Psychiatrists all over the world have gradually begun to understand the methods of Professor Lunts and other KGB officials posing as professional men. Initially psychiatrists were reluctant to criticise colleagues in another country and official discussion of the problem was politely ignored at the World Psychiatric Association’s congress in Mexico in 1971.

Since then there has been a growing awareness and horror at the malpractice of certain Soviet psychiatrists, more fundamentally, the abuse of the moral basis of the profession.
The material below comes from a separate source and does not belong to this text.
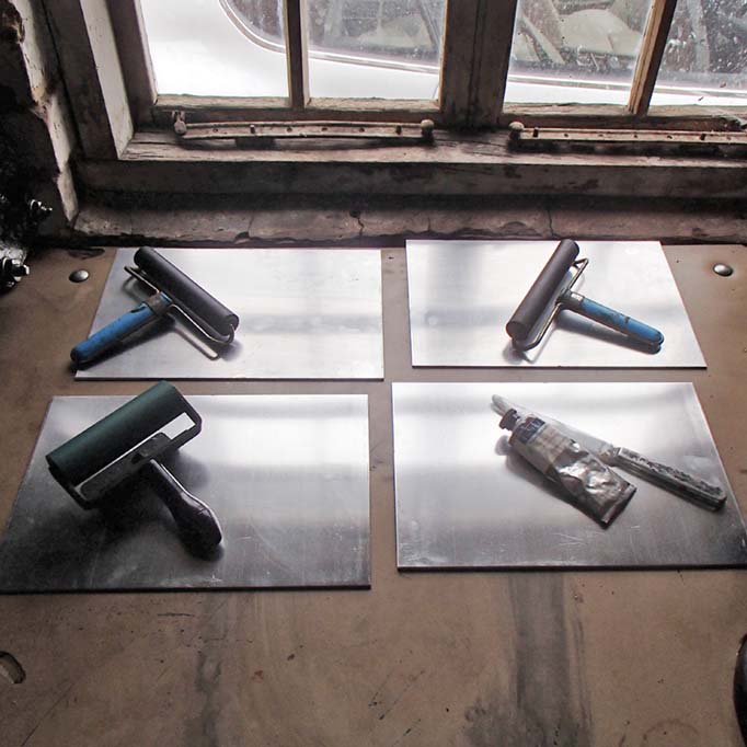 Aluminium ink plate surfaces, 2.5mm thick, 11.75″ x 8″ (300mm x 205mm).

Last January a group of 28 psychiatrists in Geneva sent an open letter to Soviet health Minister Petrovsky, calling for ‘a broadly based enquiry to be initiated into the issue of normal people who have been interned in such institutions.

Yet there are still those who remain unconvinced at the sufferings of a man like Yan Krilsky and abide comfortably in the respectability of their work, they should read what Alexander Solzhenitsyn:

It is time to think clearly: the incarceration of free-thinking healthy people in madhouses is spiritual murder. It is a variation of the gas chamber, but even more cruel: the torture of the people being killed is more malicious and more prolonged. Like the gas chambers, these crimes will never be forgotten, and all those involved in them will be condemned for all time, during their life and after their death.